On Thu, Dec 21, 2006 at 09:10:35AM -0800, Gary Hade wrote:
> On Wed, Dec 20, 2006 at 12:53:57PM +0900, Tejun Heo wrote:
> > Howdy,
> >
> > Gary Hade wrote:
> > > I noticed that Tejun recently provided a "libata: handle 0xff status
> > > properly" patch that is now in mainline that improves this code
> > >   re: http://marc.theaimsgroup.com/?l=linux-ide&m=116038642105802&w=2
> > > but I found that the check still failed but more silently and with no
> > > retries.
> > >
> > > I decided to try increasing the delay that preceeds the above
> > > check [ msleep(150); ] and found that a change from 150ms to
> > > 1000ms caused the problem to disappear.
> >
> > Aieeee, 150ms not enough for the device to send the first FIS after SRST?
> 
> Yea, it appears so. :)
> 
> GoVault access via 'ahci' is also fails in some cable placement
> configurations with:
>   kernel: scsi1 : ahci
>   kernel: ata2: softreset failed (1st FIS failed)

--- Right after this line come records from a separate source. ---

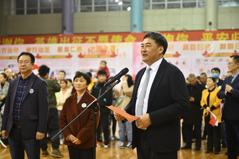 刘强在讲话中代表市委、市政府和市疫情防控指挥部,对医护人员胜利归来表示热烈欢迎;对他们在湖北抗疫工作中取得的重大胜利、作出的重大贡献,表示衷心感谢和崇高敬意。
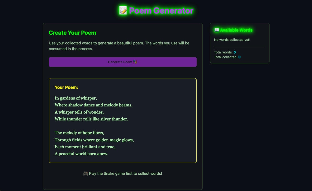 - “生成诗歌”按钮:点击后调用后端,显示诗歌,并根据使用情况更新单词库存。
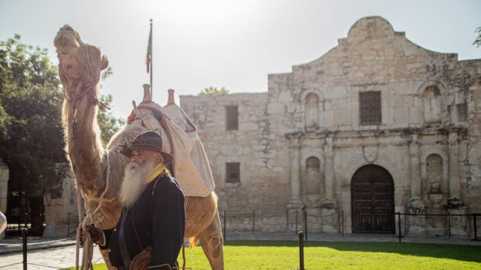 The camels will be in the Alamo garden during the event. The Alamo is located at 300 Alamo Plaza.

>   kernel: ata2: softreset failed, retrying in 5 secs
>   kernel: ata2: port is slow to respond, please be patient
>   kernel: ata2: port failed to respond (30 secs)
>   kernel: ata2: COMRESET failed (device not ready)
>   kernel: ata2: hardreset failed, retrying in 5 secs
>   kernel: ata2: port is slow to respond, please be patient
>   kernel: ata2: port failed to respond (30 secs)
>   kdump: kexec: failed to load kdump kernel
>   kernel: ata2: COMRESET failed (device not ready)
>   kernel: ata2: reset failed, giving up
> 
> This problem also disappears after reversing ports to which
> the hard drive and GoVault cables are connected.
> 
> The following timeout increase appears to correct the 'ahci' problem:
> 
> --- ./linux-2.6.18.i386/drivers/scsi/ahci.c.orig	2006-12-19 09:07:58.000000000 -0800
> +++ ./linux-2.6.18.i386/drivers/scsi/ahci.c	2006-12-19 13:30:29.000000000 -0800
> @@ -788,7 +788,7 @@ static int ahci_softreset(struct ata_por
> 
>  	writel(1, port_mmio + PORT_CMD_ISSUE);
> 
> -	tmp = ata_wait_register(port_mmio + PORT_CMD_ISSUE, 0x1, 0x1, 1, 500);
> +	tmp = ata_wait_register(port_mmio + PORT_CMD_ISSUE, 0x1, 0x1, 1, 2500);
>  	if (tmp & 0x1) {
>  		rc = -EIO;
>  		reason = "1st FIS failed";
> 
> 1000ms, 1500ms, 1750ms, and 1900ms didn't work.  2000ms worked so
> 2500ms includes some extra to be safe.  This experience seems to
> be more representative of the 1 to 2 second time (with RDC present)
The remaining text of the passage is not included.